Whakapapa
Family history software built around source material
Ownership
Solo Designer & Developer
Team
Solo / small team
Key Result
MIT Open Source
Overview
A family history app that turns documents, photos, and recorded stories into structured family records and a navigable tree.
The Challenge
Most genealogy tools are expensive, rigid, and centered on manual data entry. The goal here was to make source capture and review easier without asking users to trust raw AI output.
Constraints
- •Trust is fragile with family history data, so AI output must stay reviewable and reversible.
- •Many source artifacts are low quality scans and handwritten notes.

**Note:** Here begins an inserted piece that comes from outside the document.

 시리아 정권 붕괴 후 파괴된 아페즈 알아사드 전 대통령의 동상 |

- •The product needed to be viable for a solo builder and affordable for families.
Decision Log
Problem
AI extraction can hallucinate relationships.
Decision
Added a suggestion queue with explicit human approval before writing to the tree.
Tradeoff
Slightly slower ingestion versus fully automatic sync.
Impact
Higher confidence in accepted data and fewer correction loops.
Problem
Genealogy tools often bury stories under forms.
Decision
Made voice capture and story context first-class alongside people and dates.
Tradeoff
More schema complexity and moderation edge cases.
Impact
Richer family context and stronger emotional retention.
Approach
1. AI Extraction Pipeline
Users scan or upload documents, OCR extracts text, and an LLM returns candidate people, dates, places, and relationships for review before anything is written to the tree.
2. Voice-First Story Capture
The app includes voice recording and transcription so spoken stories can sit alongside documents and photos.

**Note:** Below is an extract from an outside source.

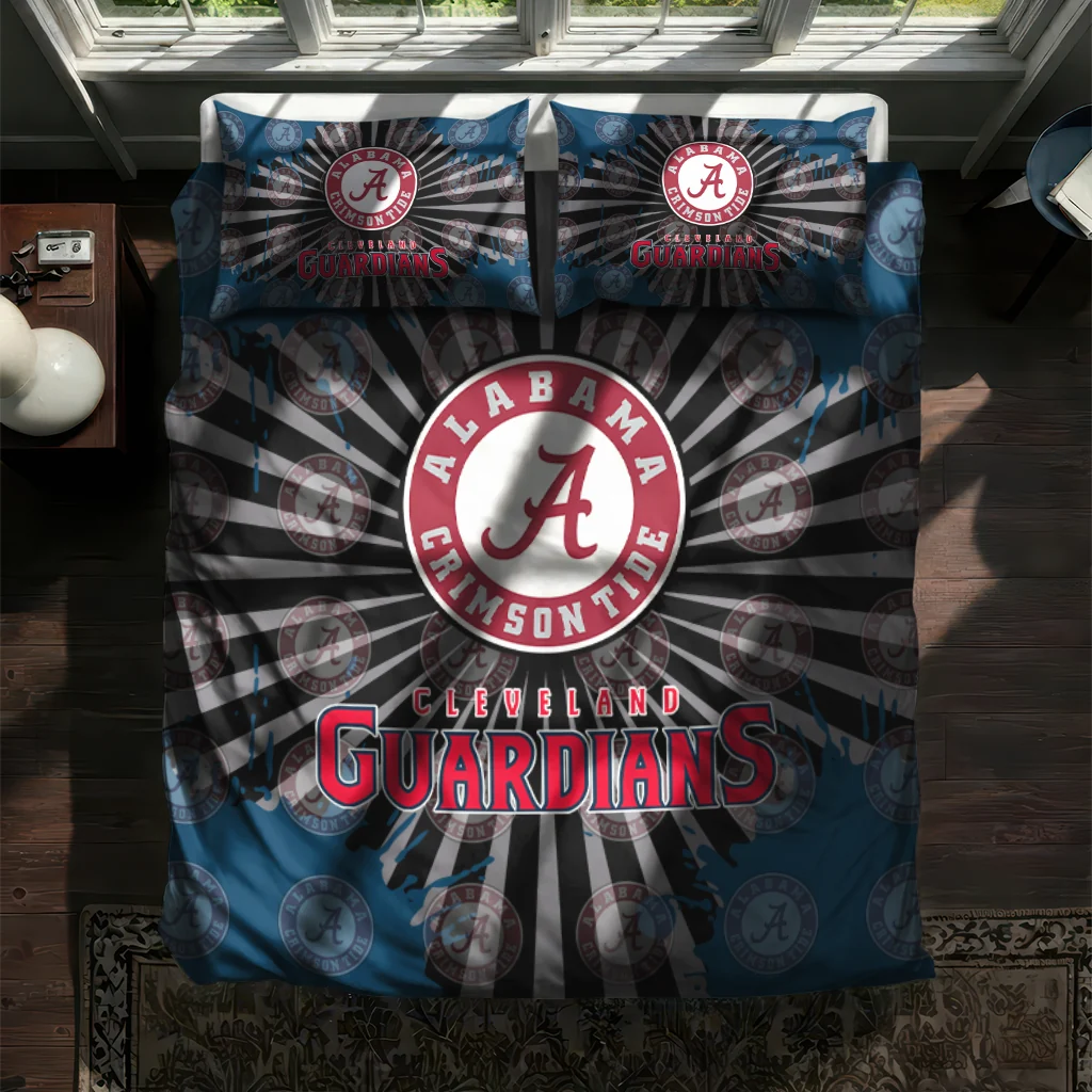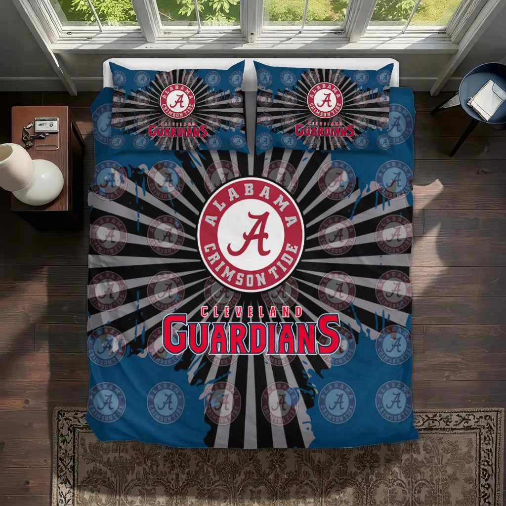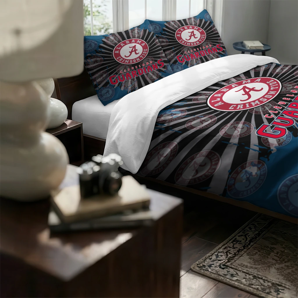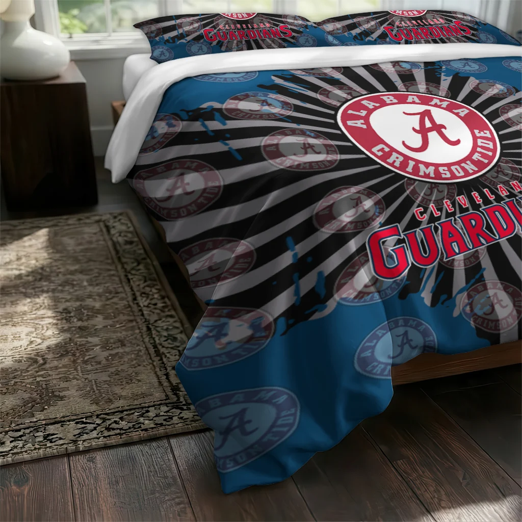 Cleveland Guardians Bedding Set – Sunburst Splatter Blue Black

3. Living Tree, Not Dead Database
React Flow and dagre power the tree view, but the product is broader than a chart. Stories, documents, and media stay attached to the people they relate to.
4. Open & Respectful
The project is open source, self-hostable, and built with Supabase row-level security for private family data.
Outcome
A working genealogy product with document ingestion, review flows, voice capture, and a collaborative tree view.
MIT
Open Source
Doc → OCR → Claude → Tree
AI Pipeline
$0 vs $240/yr
Cost vs Ancestry
Learnings
- →AI extraction needs a human review layer to be usable for family records.
- →Voice capture changes the value of the product because it preserves more than text alone.

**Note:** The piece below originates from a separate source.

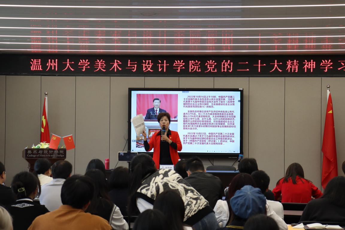 为深入学习宣传贯彻党的二十大精神,感悟思想伟力,汲取奋进力量,引导全院师生切实把思想和行动统一到党的二十大的精神上来,10月26日下午,kaiyun开云官方网站组织开展党的二十大精神学习会,特邀党的十九大代表宋玲华同志为学院全体师生作“学习感悟党的二十大精神”专题宣讲报告。会议由学院党委书记叶正飞主持,近500名师生线上线下参加学习活动。 宋玲华老师是党的十九大代表,市妇联执委,瓯海区关工委主任,瓯海区慈善总会副会长,瓯海乡村艺术团联合会主席,宋玲华党代表工作室负责人,浙江省关心下一代报告团成员,温州银耀瓯越宣讲员,温州老干部大学流动红色能源站讲师,宋玲华宣讲工作室负责人。 学习会上,宋老师从一名党代表的视角、一名退休党员的视角、一名公益先锋的视角,全面分析讲解党的二十大报告内容,分享了二十大精神的内涵理解和学习体会。她指出党的二十大是在全党全国各族人民迈上全面建设社会主义现代化国家新征程、向第二个百年奋斗目标进军的关键时刻召开的一次十分重要的大会,是一次高举旗帜、凝聚力量、团结奋进的大会,在党和国家发展进程中具有极其重大的历史意义。党的二十大报告,为党和国家事业描绘了清晰的发展路线,擘画了宏伟的发展蓝图,充分彰显了我们党坚如磐石的历史自信、举旗定向的政治担当和高瞻远瞩的战略视野,是我们党团结带领全国各族人民在新时代新征程坚持和发展中国特色社会主义的政治宣言和行动纲领。 “我要把党的‘好声音’传递到基层群众,传递给青年学生,这是我的职责和使命。”宋玲华老师在宣讲过程中也分享了多年来践行一名共产党员初心使命的经历,从丰富地方群众的文化生活到宣讲低碳环保的生活方式,从省吃俭用捐助困难群众到关爱帮扶失足少年,从退休党员干部到十九大党代表……,希望通过自己的付出和行动,带动更多人做对社会有益的事。 学习会上,宋玲华老师用习总书记的话“青年强,则国家强!”来勉励师生党员,要坚定不移听党话、跟党走,怀抱梦想又脚踏实地,敢想敢为又善作善成,立志做有理想、敢担当、能吃苦、肯奋斗的新时代好青年,让青春在全面建设社会主义现代化国家的火热实践中绽放绚丽之花。 叶正飞书记总结指出,学习好宣传好贯彻好党的二十大精神是当前和今后一个时期学院的首要政治任务。新时代新征程,全院师生要深学细悟党的二十大精神,要把坚决拥护“两个确立”转化为坚决做到“两个维护”的实际行动,要聚焦“争当表率、争做示范、走在前列”光荣使命,奋力推动学院高质量内涵式发展,为全面建设社会主义现代化国家、全面推进中华民族伟大复兴作出更大贡献!

- →Source material and context matter as much as entity extraction.
- →Supabase and Next.js made the solo build manageable without a separate backend service.
Anti-Patterns Avoided
- ×Auto-trusting AI inserts directly into canonical records.
- ×Forcing users into rigid, spreadsheet-like genealogy workflows.
- ×Locking export/import behind paid plans.
Next Iterations
- →Confidence scoring and source-level reliability badges per extracted entity.
- →Guided interview flows optimized for elder story capture sessions.
Get In Touch
If you want to talk about similar work, email me.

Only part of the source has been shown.